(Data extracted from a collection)
• • • • • • •

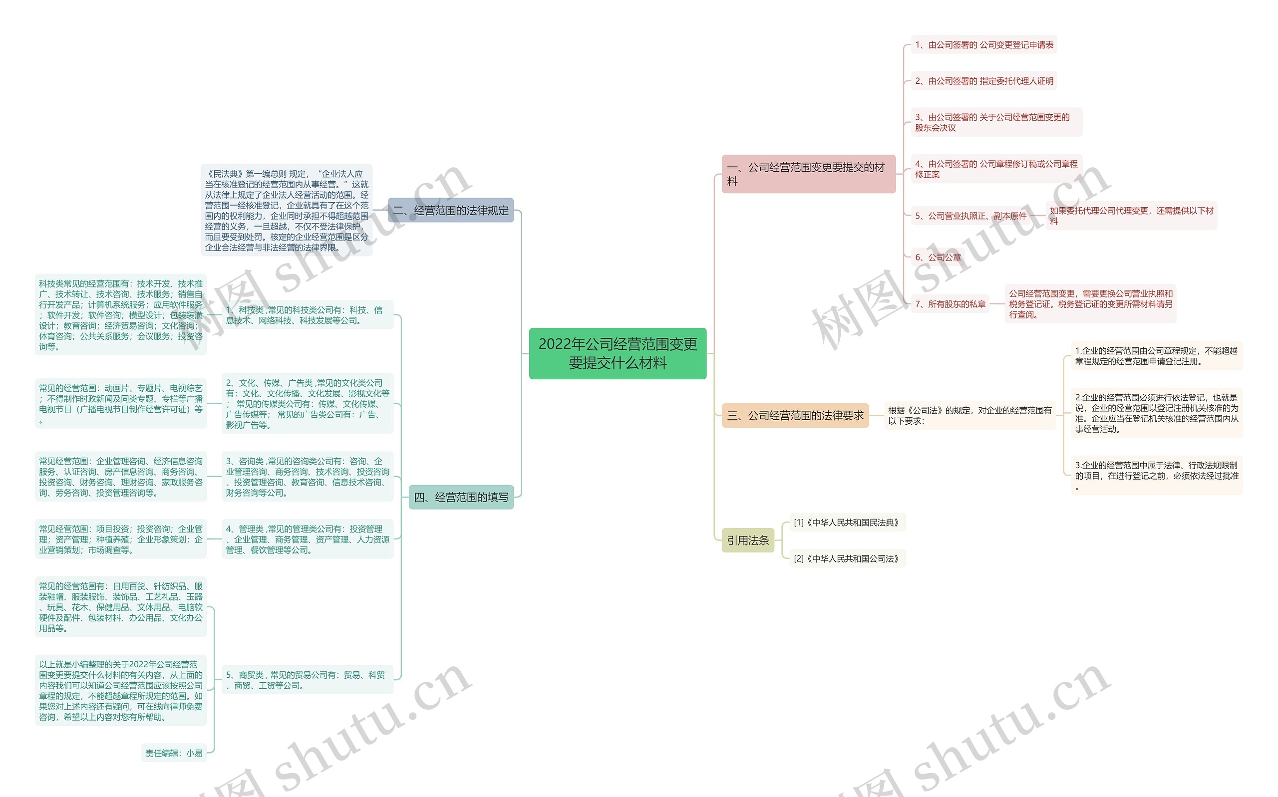 以上就是小编整理的关于2022年公司经营范围变更要提交什么材料的有关内容,从上面的内容我们可以知道公司经营范围应该按照公司章程的规定,不能超越章程所规定的范围。如果您对上述内容还有疑问,可在线向律师免费咨询,希望以上内容对您有所帮助。
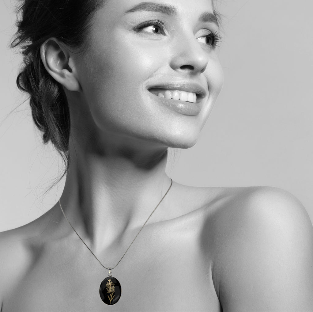 AUSTRALIAN NATIVE FLORA - BOTTLEBRUSH OVAL CIRCLE PENDANT ON A CHAIN NECKLACE - D858S - on Satchel
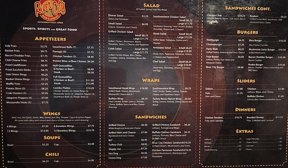 Welcome to River City Bar & Grille, your go-to destination in Cuyahoga Falls for delicious grill-style dining! Located at 2621 Bailey Rd, we offer a cozy atmosphere perfect for breakfast, lunch, or dinner. Enjoy our extensive menu featuring local specialties, small plates for sharing, and a wide selection of drinks, including excellent cocktails and craft beers. Whether dining in or ordering takeout, our quick service and happy hour specials enhance your experience. With wheelchair-accessible facilities and a vibrant sports ambiance, River City Bar & Grille is perfect for solo diners, families, and anyone looking to unwind. Join us today!
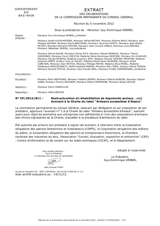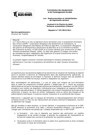 Le 7 mars 2012 a eu lieu la signature d'une convention avec 4 corporations d'artisans bas-rhinois (COPFI - corporation obligatoire des ferblantiers et installateurs, la Corporation Obligatoire des Métiers du Plâtre du Bas-Rhin, la Corporation Obligatoire des patrons et Entrepreneurs Electriciens du Bas-Rhin et la La Chambre syndicale des Industries du bois), le CEP-CICAT et le Conseil Général pour promouvoir un label 'Artisans Accessibles d'Alsace' (AAA). Ce label doit garantir à l'usager une chaîne de compétences dans l'adaptation des logements à la perte d'autonomie entre le financeur, l'ergothérapeute et l'artisan. Le présent rapport concerne l'avenant permettant à d'autres entreprises non adhérentes à l'une des 4 corporations de bénéficier du label 'Artisans Accessibles d'Alsace'.
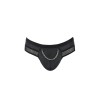 La tanga negra Tom 030 está confeccionada en piel ecológica combinada con una intrigante malla y una cadena metálica. El conjunto se complementa con los suspensorios, que realzan las nalgas.
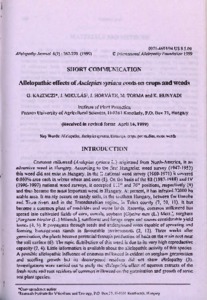 Kazinczi, Gabriella and Mikulás, József and Horváth, József and Torma, M and Hunyadi, K (1999) Allelopathic effects of Asclepias syriaca roots on crops and weeds. ALLELOPATHY JOURNAL, 6 (2). pp. 267-270. ISSN 0971-4693
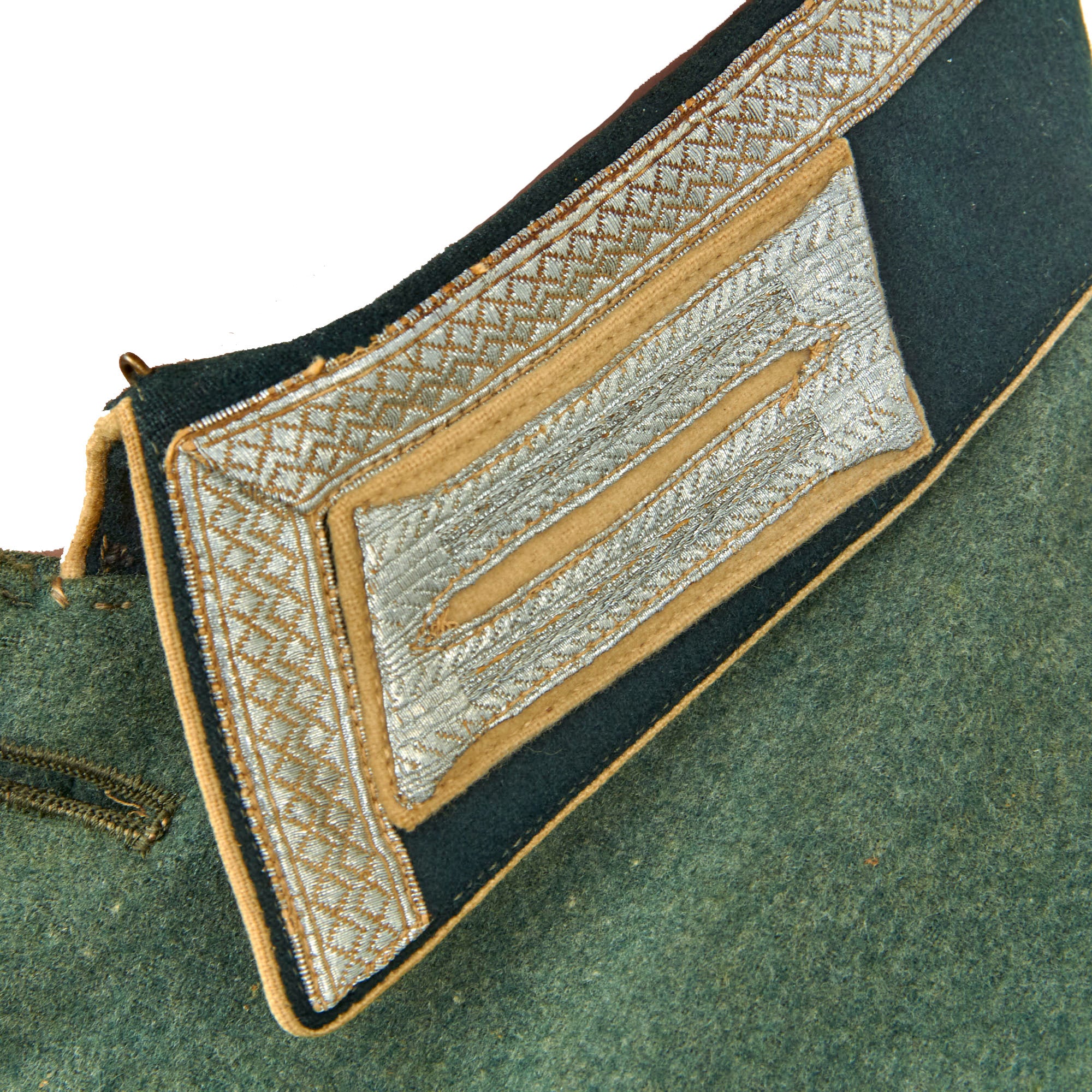 Seven pebbled aluminum buttons adorn the front of the tunic and all appear to be originally attached, and the collar still retains the two hook and loop fasteners. There originally was an eighth button at the bottom to match the eight button holes, but it unfortunately has pulled off. All of the remaining buttons are marked on the back, though we cannot make out the maker. The lower French style cuffs of the sleeves have a dark bottle green based wool, and are adorned with white piping and NCO Tress flat silver borders. The sleeve litzen are the correct silver on white for infantry.

• • • • • • •

Beginning with the line above that has "Welcome to River" and going on through the line that has "Kazinczi, Gabriella and", retype every line exactly and add nothing else; drop the pictures.

 Welcome to River City Bar & Grille, your go-to destination in Cuyahoga Falls for delicious grill-style dining! Located at 2621 Bailey Rd, we offer a cozy atmosphere perfect for breakfast, lunch, or dinner. Enjoy our extensive menu featuring local specialties, small plates for sharing, and a wide selection of drinks, including excellent cocktails and craft beers. Whether dining in or ordering takeout, our quick service and happy hour specials enhance your experience. With wheelchair-accessible facilities and a vibrant sports ambiance, River City Bar & Grille is perfect for solo diners, families, and anyone looking to unwind. Join us today!
 Le 7 mars 2012 a eu lieu la signature d'une convention avec 4 corporations d'artisans bas-rhinois (COPFI - corporation obligatoire des ferblantiers et installateurs, la Corporation Obligatoire des Métiers du Plâtre du Bas-Rhin, la Corporation Obligatoire des patrons et Entrepreneurs Electriciens du Bas-Rhin et la La Chambre syndicale des Industries du bois), le CEP-CICAT et le Conseil Général pour promouvoir un label 'Artisans Accessibles d'Alsace' (AAA). Ce label doit garantir à l'usager une chaîne de compétences dans l'adaptation des logements à la perte d'autonomie entre le financeur, l'ergothérapeute et l'artisan. Le présent rapport concerne l'avenant permettant à d'autres entreprises non adhérentes à l'une des 4 corporations de bénéficier du label 'Artisans Accessibles d'Alsace'.
 La tanga negra Tom 030 está confeccionada en piel ecológica combinada con una intrigante malla y una cadena metálica. El conjunto se complementa con los suspensorios, que realzan las nalgas.
 Kazinczi, Gabriella and Mikulás, József and Horváth, József and Torma, M and Hunyadi, K (1999) Allelopathic effects of Asclepias syriaca roots on crops and weeds. ALLELOPATHY JOURNAL, 6 (2). pp. 267-270. ISSN 0971-4693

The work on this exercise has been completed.